Lesson 2.4

Gradient Checking (and why not finite differences)

How do you know your backprop is right? Check it against the slow, simple method from lesson 0.3. And that same comparison answers a deeper question: why we use backprop to train at all.

math exercise 10 min read

Two ways to get a gradient.

You now have a fast, exact way to get gradients: backprop. But fast and exact code can still have bugs. So you keep a second, dead-simple way around to check it, the finite difference from lesson 0.3. Nudge one parameter a tiny bit, see how the loss moves, divide:

grad ≈ ( L(w + ε) − L(w − ε) ) / (2ε)

The two-sided finite difference: a slightly more accurate nudge, used only to check.

Run both. If your backprop says a parameter's gradient is -3 and the nudge says -2.9998, you're correct (the tiny gap is just ε rounding). If they disagree by a lot, you have a bug, almost always a wrong local gradient or a missing accumulation.

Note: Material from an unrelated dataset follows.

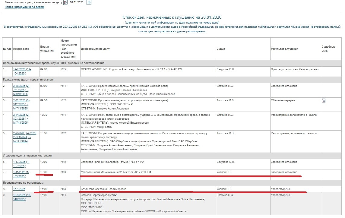». Жители города Шарья, наверное, уже слышали не раз, что нынешняя Глава города Удалова Л.И. проходит по уголовному делу в качестве обвиняемой. Данное дело уже рассматривается в суде около 8 месяцев, но окончательного решения так ещё и не было принято. Судебное заседание уже откладывалось 12 раз по разным причинам, но в данной публикации будет поднята ситуация, когда судебное заседание было отложено 20.01.2026 года по причине болезни рассматривающего дело судьи и однофамильца обвиняемой, а именно Удалова Р.В. Удалов Р.В. является талантливым человеком, ведь благодаря своим способностям он смог занять должность председателя Шарьинского районного суда. Хроника болезни судьи Удалова Р.В. 20.01.2026 на 10 – 00 было назначено судебное заседание по уголовному делу, в котором обвиняемой является нынешняя Глава города Шарья, но данное судебное заседание было отложено Шарья – столица мира Крупнейшее городское СМИ Источник: Открыть

This is your most important test.

A gradient check is the one test that proves the heart of the engine works. Build a small expression, compute gradients with backprop, compute them again by nudging, and assert they match within a small tolerance. If that test passes, your autograd is trustworthy. Write it early; lean on it hard.

So why not just train with finite differences?

If nudging gives the gradient and it's so simple, why bother with backprop at all? Cost. To get the gradient for one parameter by nudging, you run a whole forward pass (twice, for the two-sided version). To get gradients for all parameters, you'd repeat that for every single one.

Finite differences

About N forward passes for N parameters. A million parameters means a million forward passes per step. Hopeless.

Backpropagation

One backward pass produces all N gradients, at roughly the cost of one forward pass. Total: about 2× a forward pass, no matter how many parameters.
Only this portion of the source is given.